[[ Material for this exercise open ]]

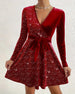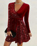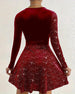 SPECIFICATIONS Style: Party Material: Velvet Dress Type: A-Line Dress Length: Above-knee Neckline: V neck_V Pattern Type: Solid Color Sleeve Type: Regular sleeve Sleeve Length: Long Sleeve Details: Shirred,Knot,Hot Drilling Fit Type: Regular Season: Fall,Winter Occasion: Party Package Includes: 1 x Dress SIZE TABLE Size Bust Length CM I...
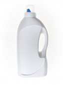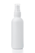 Detergenty do domu. Środki czyszczące. Biała butelka z plastikowym sprayem izolowana na białym tle.
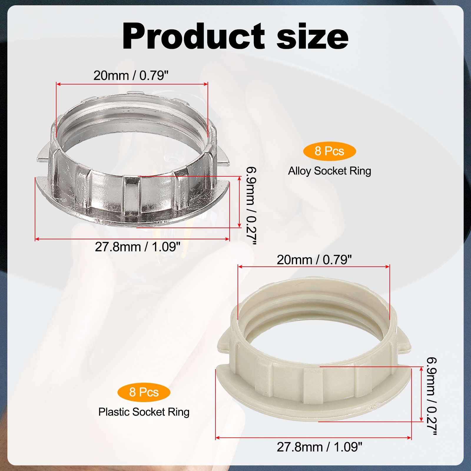 Light Socket Rings, Shade Holder Adapter Alloy Ring Converter Light Holder for Ceramic Lamp Holder Socket - Silver Tone/White
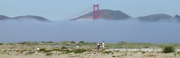Fog envelops the Golden Gate Bridge and and approaches Crissy Field
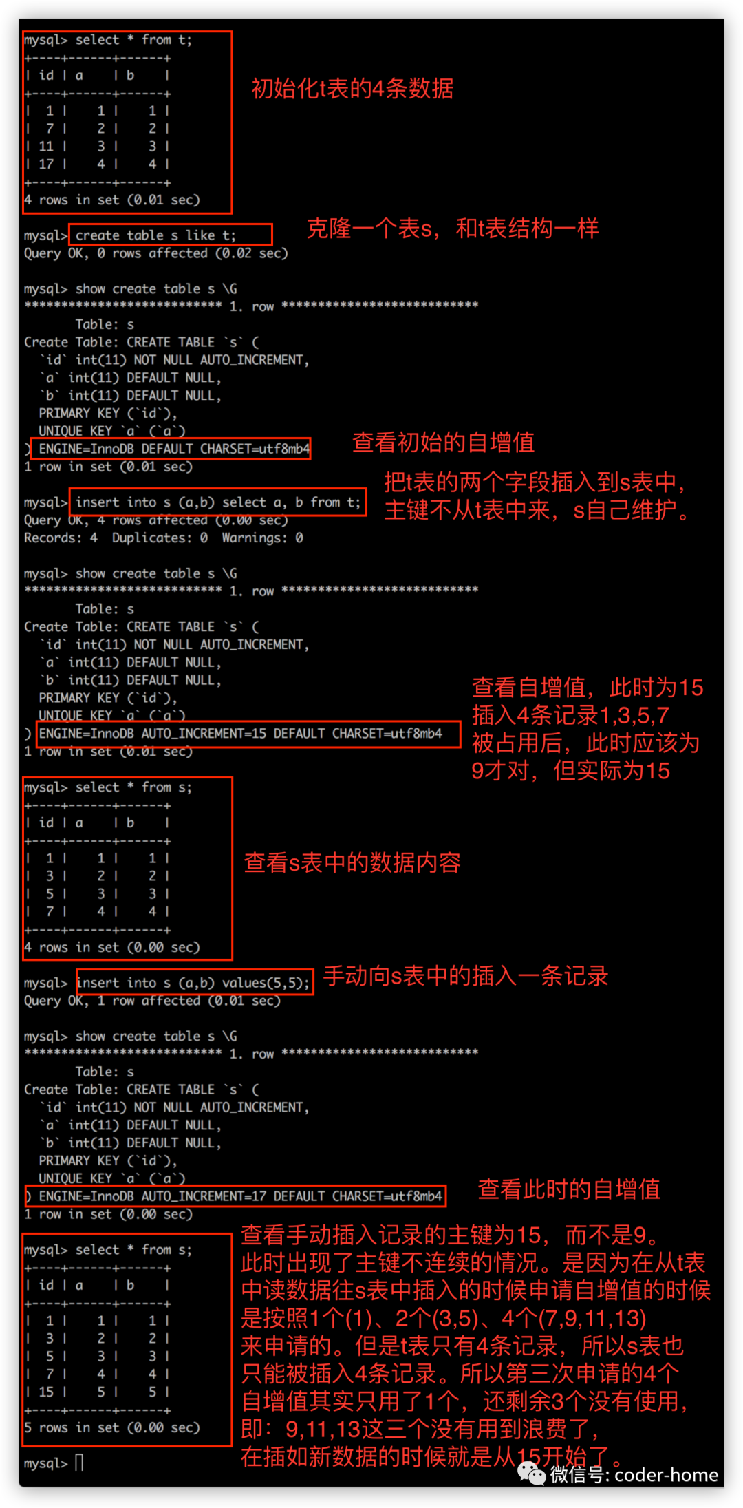 手动向s表中插入一条记录,看下这条记录的主键值是多少。此时发现新插入记录的主键值和上面的4条记录不是连续的。原因就是上面描述的那样,在批量插入未知记录数到表中的时候,每次申请的自增值的个数是上一次的申请个数的2倍。而如果申请2倍之后,刚插入了几条发现没有数据可以插入了,此时申请的自增值就浪费掉了。
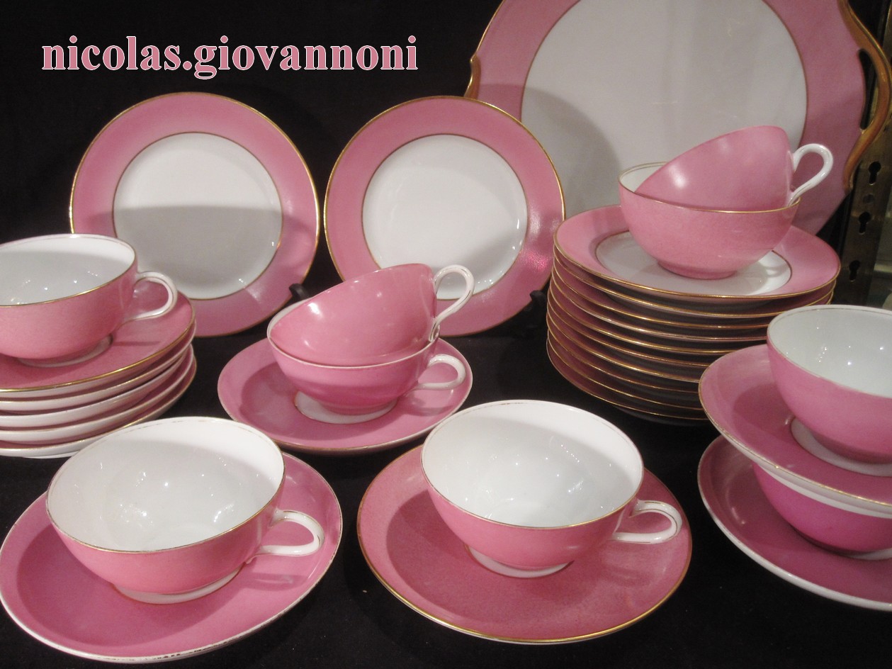 Limoges - Porcelaine rose - 9 tasses, 12 assiettes à dessert | |
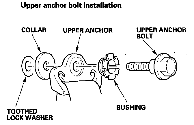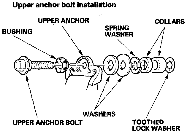 - Assemble the washers, collars, and bushings on the upper and lower anchor bolts as shown.
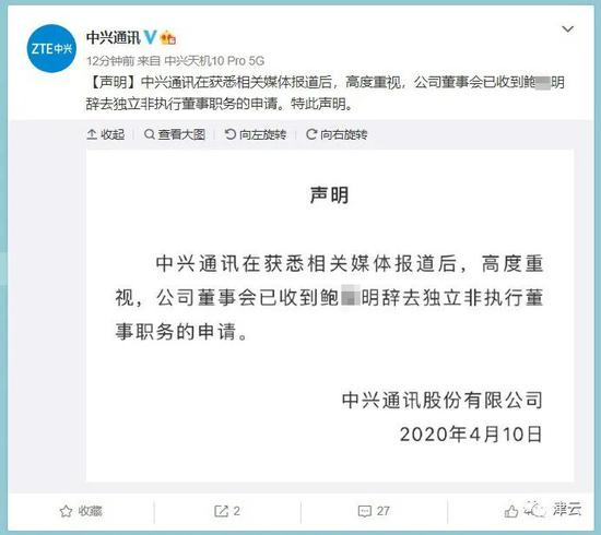 4月9日,杰瑞集团发表声明,称获悉媒体相关报道后,高度重视,当日下午集团已与鲍某明协商解除了劳动合同。4月10日,中兴通讯官方微博也发布声明称,中兴通讯在获悉相关媒体报道后,高度重视,公司董事会已收到鲍某明辞去独立非执行董事职务的申请。
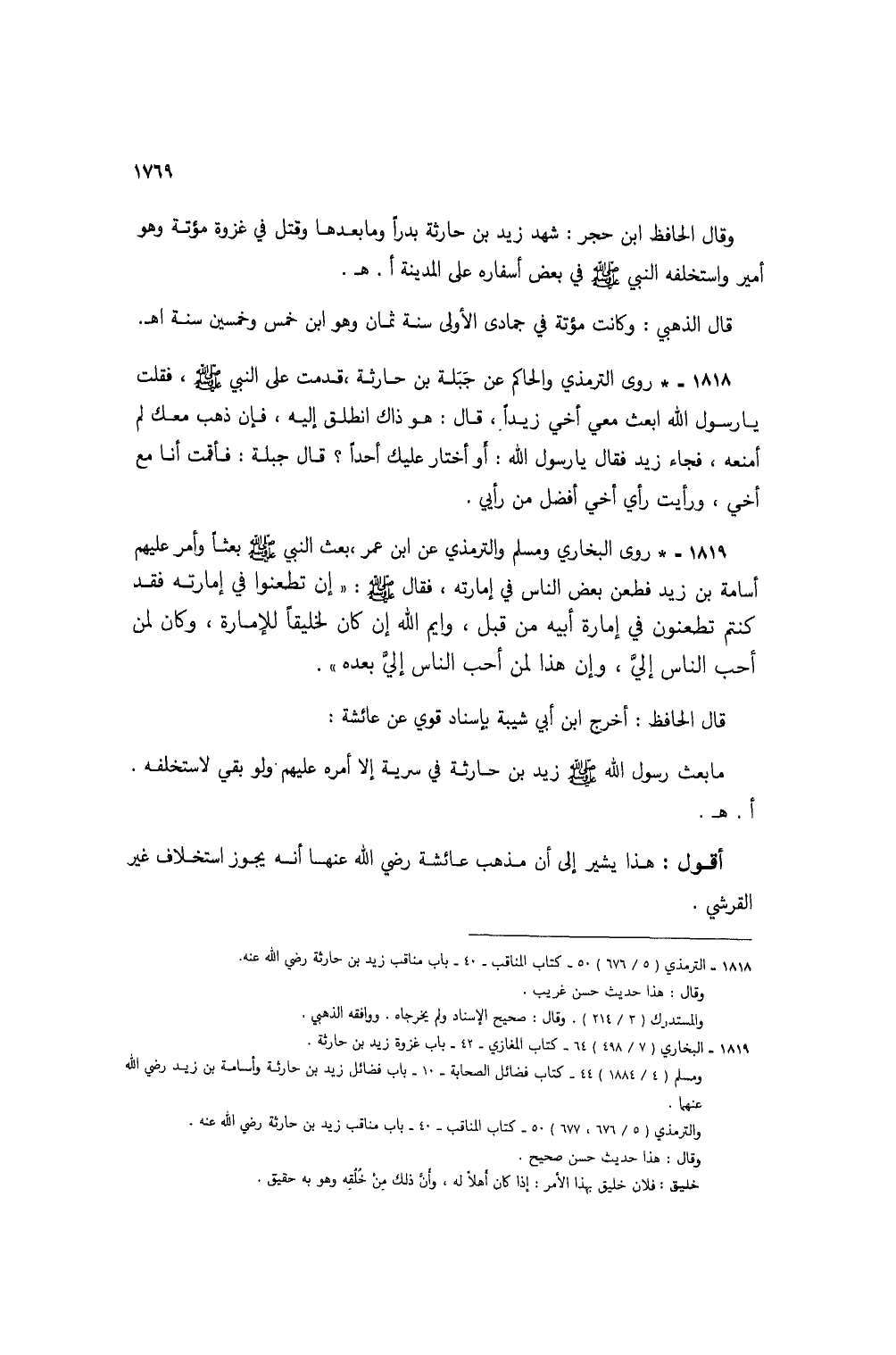 والترمذي (5/ 677، 676) 50 - كتاب المناقب- 40 - باب مناقب زيد بن حارثة رضي الله عنه.
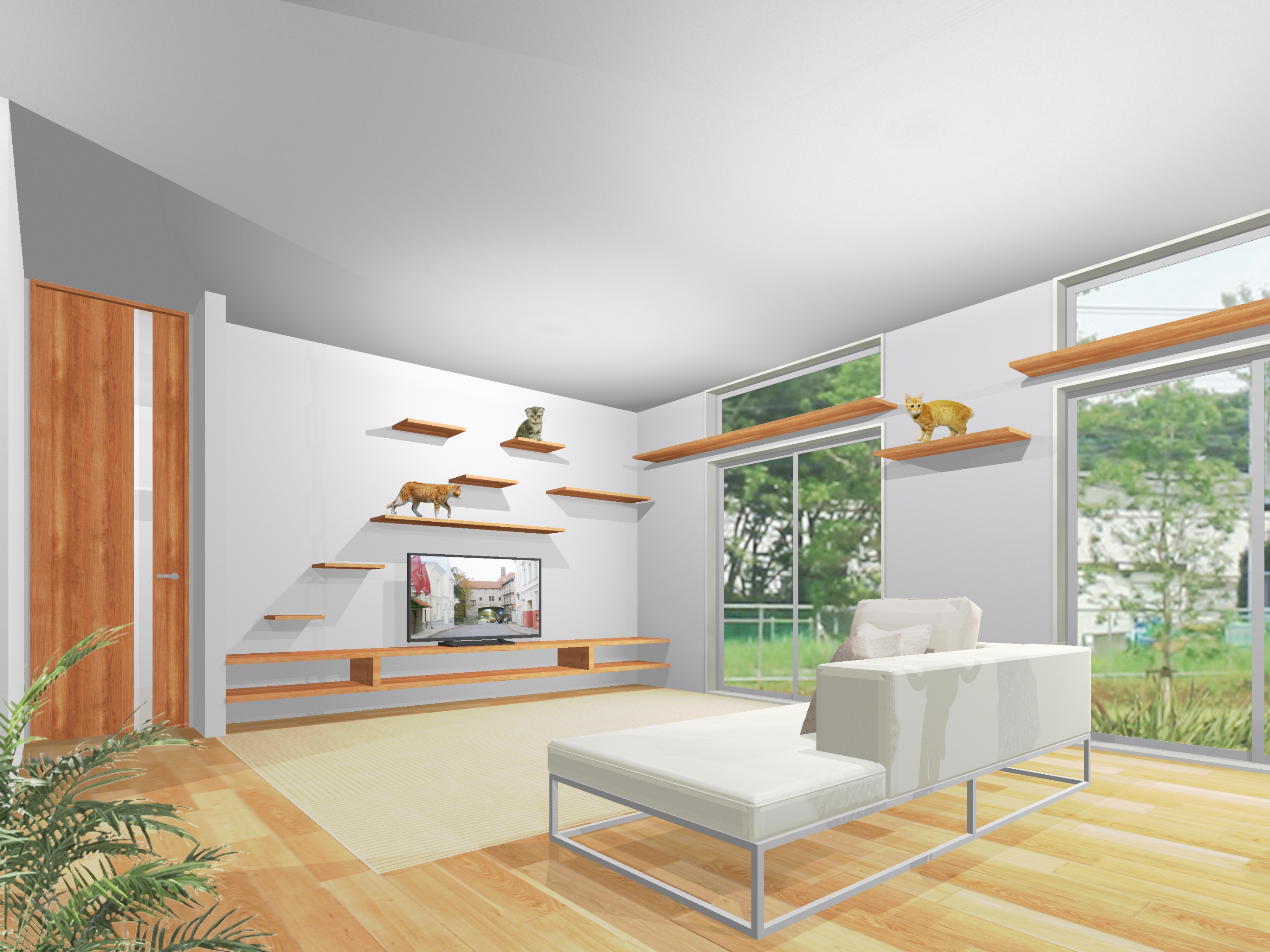 猫ちゃん大喜びのキャットウォークをリビングに作り、人も猫も快適に楽しく暮らせる家を実現しました。テレビを観ながら猫ちゃんを眺める…そんな幸せ体験が可能です。
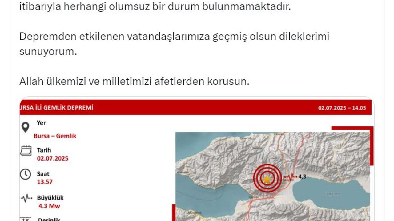 İçişleri Bakanı Ali Yerlikaya, depreme ilişkin sosyal medya hesabından açıklama yaptı. Yerlikaya, "Bursa Gemlik'te 4,3 büyüklüğünde bir deprem meydan gelmiştir. AFAD ve ilgili kurumlarımızın tüm ekipleri saha taramalarına derhal başlamıştır. An itibarıyla herhangi olumsuz bir durum bulunmamaktadır. Depremden etkilenen vatandaşlarımıza geçmiş olsun dileklerimi sunuyorum. Allah ülkemizi ve milletimizi afetlerden korusun" dedi. (DHA)
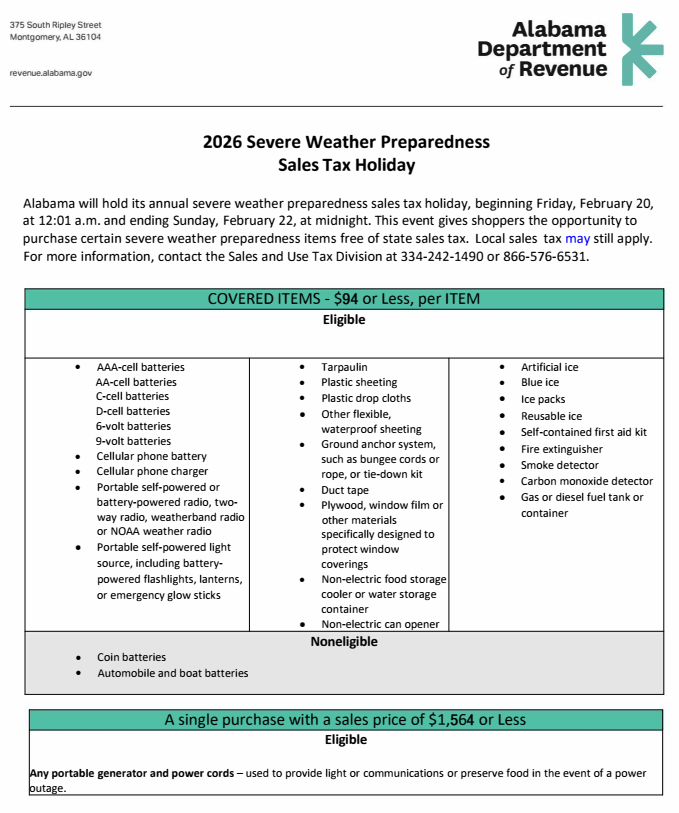 Alabama Sales Tax Holiday: February 20-22, 2026
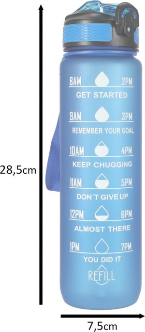 Získejte potřebnou motivaci pro nový den a současně dodržujte pitný režim. Bez ohledu na to, zda máte náročné zaměstnání nebo pravidelně cvičíte, je důležité udržovat správnou hydrataci. K tomu vám může pomoci tato láhev s inspirativními nápisy. Motivační citáty na láhvi vás povzbudí k tomu, abyste vypili celou láhev s vodou nebo jiným nápojem až do poslední kapky. Na láhvi najdete časy, kdy byste měli mít již určitou část vypitou, spolu s pěkným motivačním heslem.

[[ Material for this exercise closed ]]

Copy each line above exactly, with no images.

 SPECIFICATIONS Style: Party Material: Velvet Dress Type: A-Line Dress Length: Above-knee Neckline: V neck_V Pattern Type: Solid Color Sleeve Type: Regular sleeve Sleeve Length: Long Sleeve Details: Shirred,Knot,Hot Drilling Fit Type: Regular Season: Fall,Winter Occasion: Party Package Includes: 1 x Dress SIZE TABLE Size Bust Length CM I...
 Detergenty do domu. Środki czyszczące. Biała butelka z plastikowym sprayem izolowana na białym tle.
 Light Socket Rings, Shade Holder Adapter Alloy Ring Converter Light Holder for Ceramic Lamp Holder Socket - Silver Tone/White
Fog envelops the Golden Gate Bridge and and approaches Crissy Field
 手动向s表中插入一条记录,看下这条记录的主键值是多少。此时发现新插入记录的主键值和上面的4条记录不是连续的。原因就是上面描述的那样,在批量插入未知记录数到表中的时候,每次申请的自增值的个数是上一次的申请个数的2倍。而如果申请2倍之后,刚插入了几条发现没有数据可以插入了,此时申请的自增值就浪费掉了。
 Limoges - Porcelaine rose - 9 tasses, 12 assiettes à dessert | |
 - Assemble the washers, collars, and bushings on the upper and lower anchor bolts as shown.
 4月9日,杰瑞集团发表声明,称获悉媒体相关报道后,高度重视,当日下午集团已与鲍某明协商解除了劳动合同。4月10日,中兴通讯官方微博也发布声明称,中兴通讯在获悉相关媒体报道后,高度重视,公司董事会已收到鲍某明辞去独立非执行董事职务的申请。
 والترمذي (5/ 677، 676) 50 - كتاب المناقب- 40 - باب مناقب زيد بن حارثة رضي الله عنه.
 猫ちゃん大喜びのキャットウォークをリビングに作り、人も猫も快適に楽しく暮らせる家を実現しました。テレビを観ながら猫ちゃんを眺める…そんな幸せ体験が可能です。
 İçişleri Bakanı Ali Yerlikaya, depreme ilişkin sosyal medya hesabından açıklama yaptı. Yerlikaya, "Bursa Gemlik'te 4,3 büyüklüğünde bir deprem meydan gelmiştir. AFAD ve ilgili kurumlarımızın tüm ekipleri saha taramalarına derhal başlamıştır. An itibarıyla herhangi olumsuz bir durum bulunmamaktadır. Depremden etkilenen vatandaşlarımıza geçmiş olsun dileklerimi sunuyorum. Allah ülkemizi ve milletimizi afetlerden korusun" dedi. (DHA)
 Alabama Sales Tax Holiday: February 20-22, 2026
 Získejte potřebnou motivaci pro nový den a současně dodržujte pitný režim. Bez ohledu na to, zda máte náročné zaměstnání nebo pravidelně cvičíte, je důležité udržovat správnou hydrataci. K tomu vám může pomoci tato láhev s inspirativními nápisy. Motivační citáty na láhvi vás povzbudí k tomu, abyste vypili celou láhev s vodou nebo jiným nápojem až do poslední kapky. Na láhvi najdete časy, kdy byste měli mít již určitou část vypitou, spolu s pěkným motivačním heslem.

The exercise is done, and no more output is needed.